Do yourself a favor buy a 15" benchtop from anyone else. Jet thinks to highly of themselves and WEN will break, try Steel City or another brand, I have 15 year old Jet Equipment and it is not the same durability.


----------



## dman2 (Sep 4, 2019)

If you do want to change the belt (a trivial job, usually), great source for belts is V-Belt Guys Search - Replacement Belts, Quick & Easy All the ones I purchase have lasted.
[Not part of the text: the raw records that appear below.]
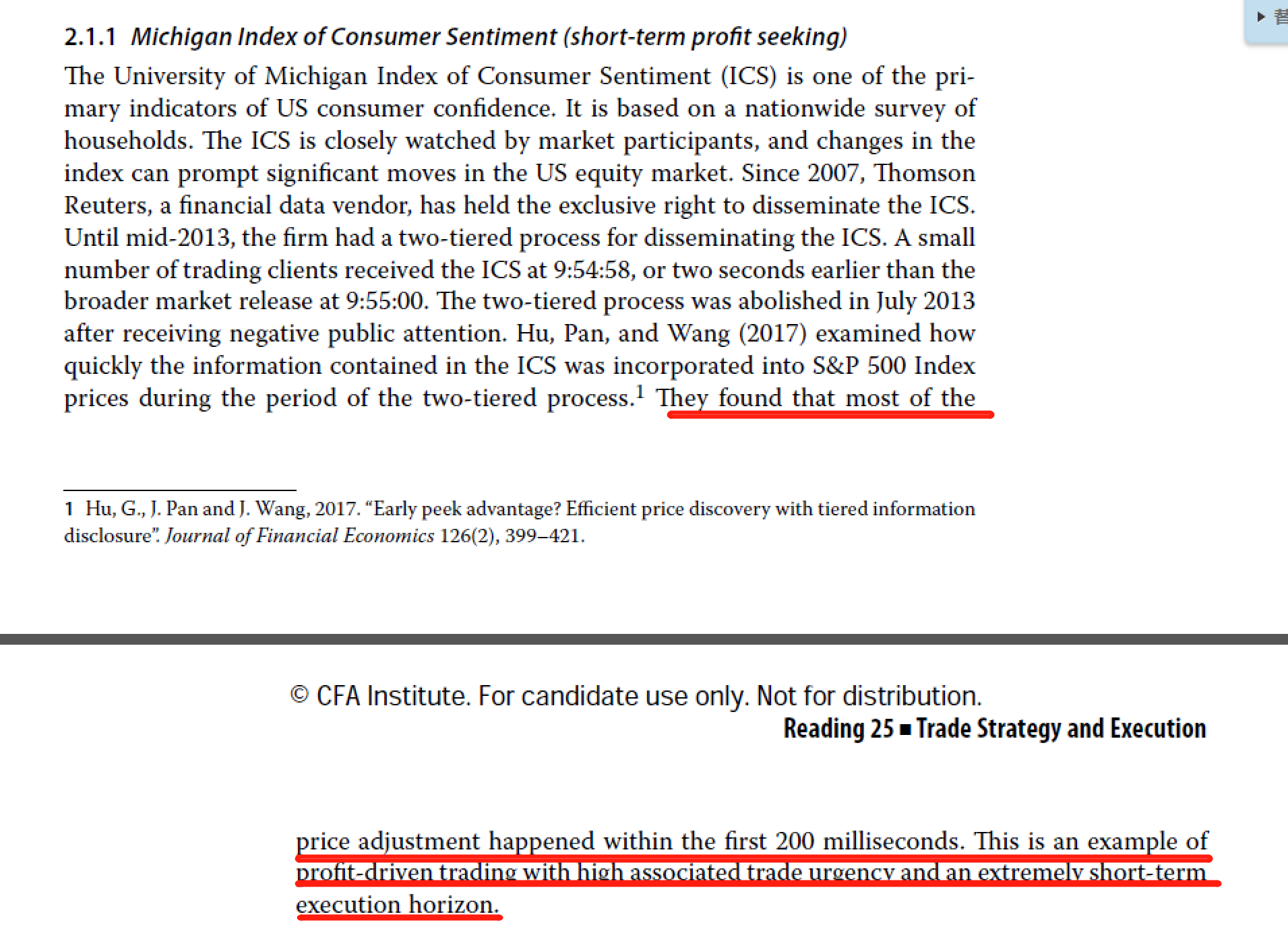 但这样的alpha消失的速度是很快的,有研究发现在200毫秒,也就是1/5秒内,股指就会反映消费者信心指数的变动,这就要求投资者有非常快的交易执行速度。因此trade urgency很高。
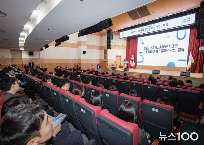 수원시가 2일 시청 대강당에서 ‘제9회 전국동시지방선거 대비 공직자가 알아야 할 공직선거법 교육’을 열었다. 송하경 팔달구 선거관리위원회 지도계장이 공직자들이 자주 묻는 내용을 중심으로 공직선거법을 설명했다.
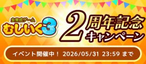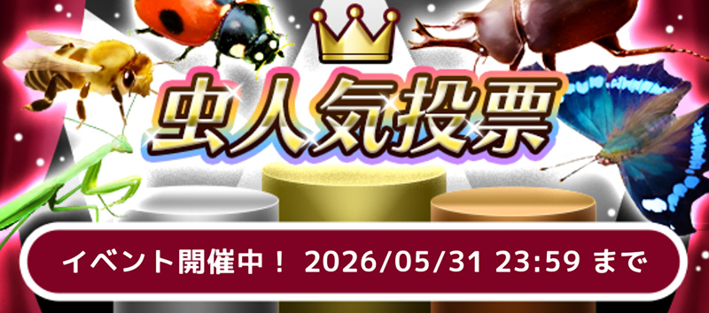 虫ゲームズで「虫人気投票2026」開催中! 2026.04.29 最終更新日時 : 2026.04.29 カメダキョウヘイ 4/28から、昨年も実施した『虫人気投票イベント』を開催中です! 昨年の虫人気投票の結果を見る 人気上位9種の虫は、8月に開催予定の「人気投票ガチャ」でピックアップ虫として登場します! 本イベントに参加できるのは「虫&バトル」「むしマスター!3」「虫&バトル ストライカーズ」の3タイトル! 投票券は・ログイン・日替わりミッションクリア・ガチャのおまけでゲットできます。 ぜひ、推しの虫に投票して応援してみてください! 本イベントに参加できるゲームはこちら▼ 虫&バトル虫が主役のターン制バトルRPG 詳しく見る むしマスター!3虫探し&コレクションゲーム 詳しく見る 虫&バトル ストライカーズ虫が主役の戦略カードバトルRPG 詳しく見る FacebookXBluesky
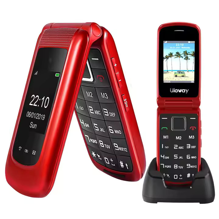 Factory High Quality Unlocked 4g Bar Cell Phone Flip & 1.77+2.4'' Dual Display 4g Senior Mobile Phone Without Contract -Red
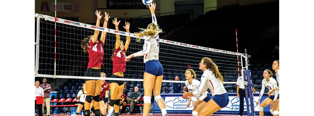 The momentum did shift – this time in the Lady Flames favor. Liberty surged forward in the second set, winning 25-13. The Lady Flames defense stood strong with 11 of their points coming from errors by the Eagles. Sophomore middle blocker Anna Gragg led the Lady Flames with five kills in the set.
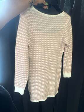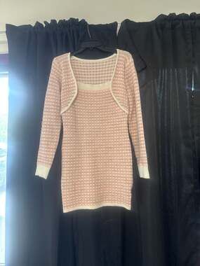 SHEIN Plaid Knit Bodycon Dress with Matching Shrug Set. This stylish 2-piece set features a pink and beige textured plaid pattern. The set includes a sleeveless bodycon mini dress with a square neckline and a coordinating long-sleeve bolero shrug. Perfect for transitional weather or a coquette-style aesthetic. The knit material provides a comfortable, figure-hugging fit. Excellent pre-owned condition with no visible signs of wear, snags, or stains.
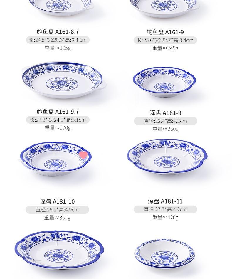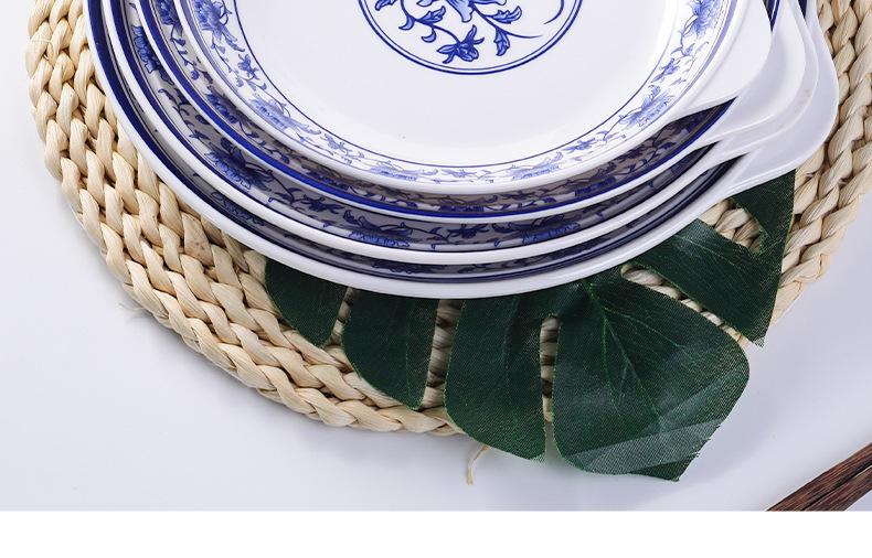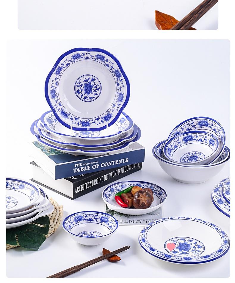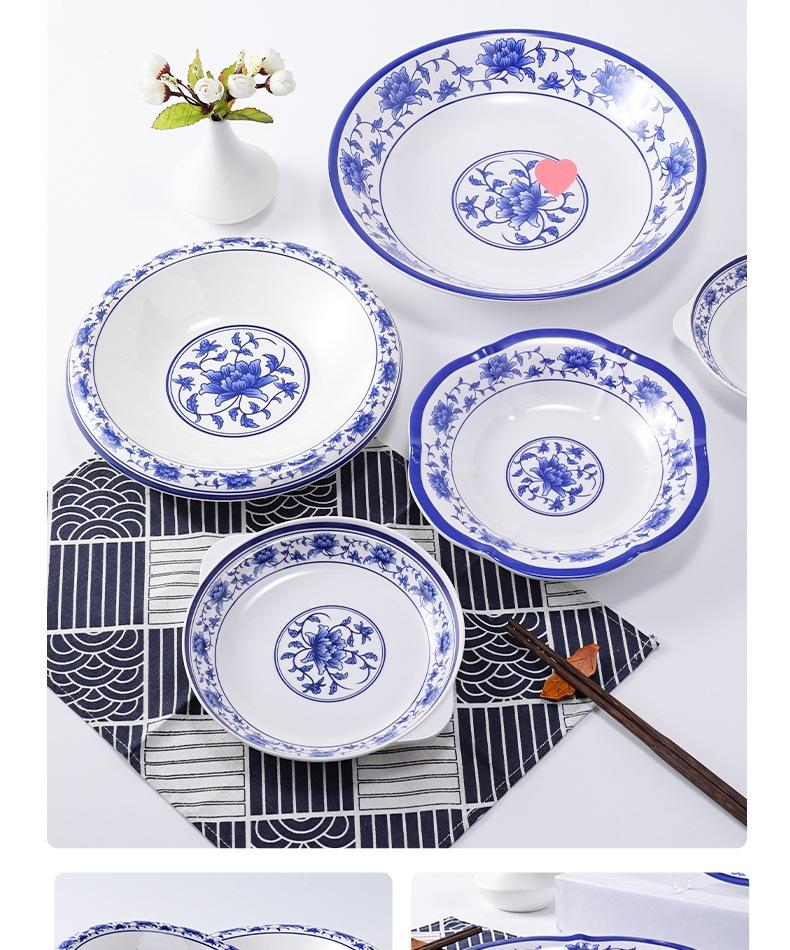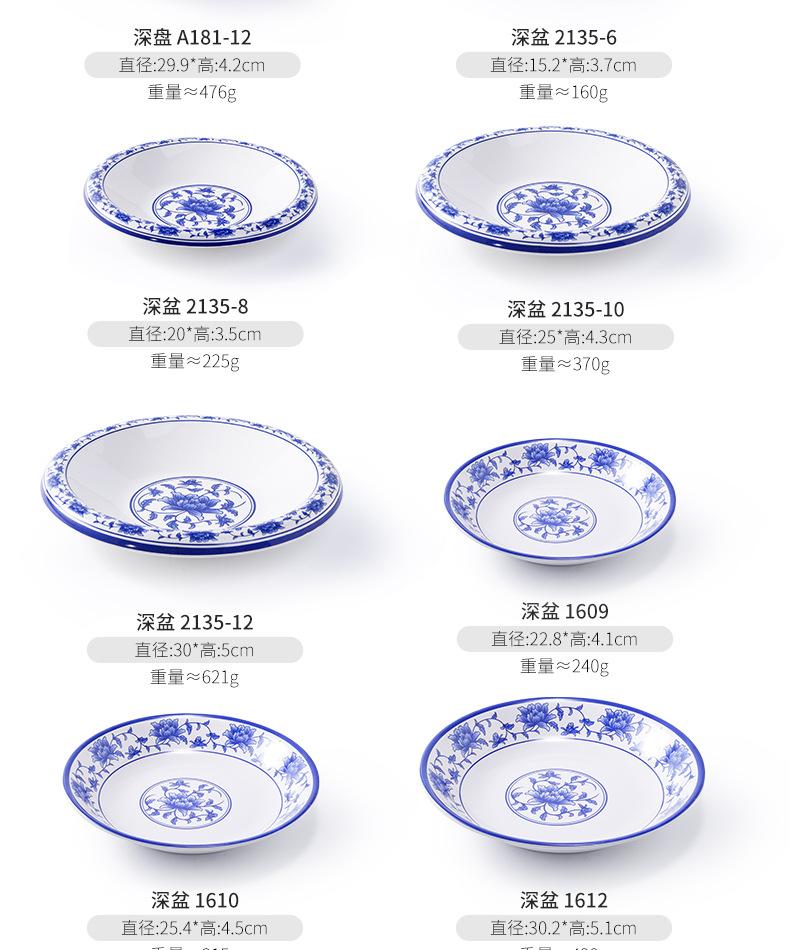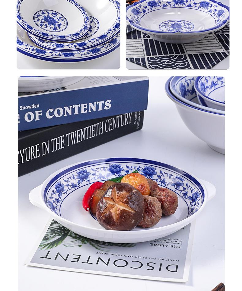 Plato de melamina plástico porcelana azul y blanco plato hondo plato hondo creativo restaurante restaurante plato para cocinar plato para pescado comercial

After getting the measurements (length/diameter and widths) you might want to call them for help.


----------



## Straightlines (May 15, 2013)

I say connect with Roxanne on this.

The old Jet is SOOOooo much better than any of the newer stuff, so the time you spend fixing will have 2 distinct advantages: A) You’ll save yourself a lot of $$ and time, AND get to keep a machine that you are familiar with, B) you will have gotten up close and personal with another very important part of what we do here: We make things and fix our stuff so we can keep making things (it’s routine maintenance believe it or not).


----------



## biotec (Nov 17, 2019)

there manuals for sale did not find a free one
JET-Asian 13R Drill Press Owner’s & Parts Manual
four step pulley i have the looks the same as OP drill press 5/8 shaft with (5/8 sleeve 1/2) 3/16 key. four groves.
1, 4.65" 
2, 3.65" 
3, 2.96"
4, 2.34
$ 30. to $40 
i believe this is a much better drill press than the new Jet or Wen Same size.


----------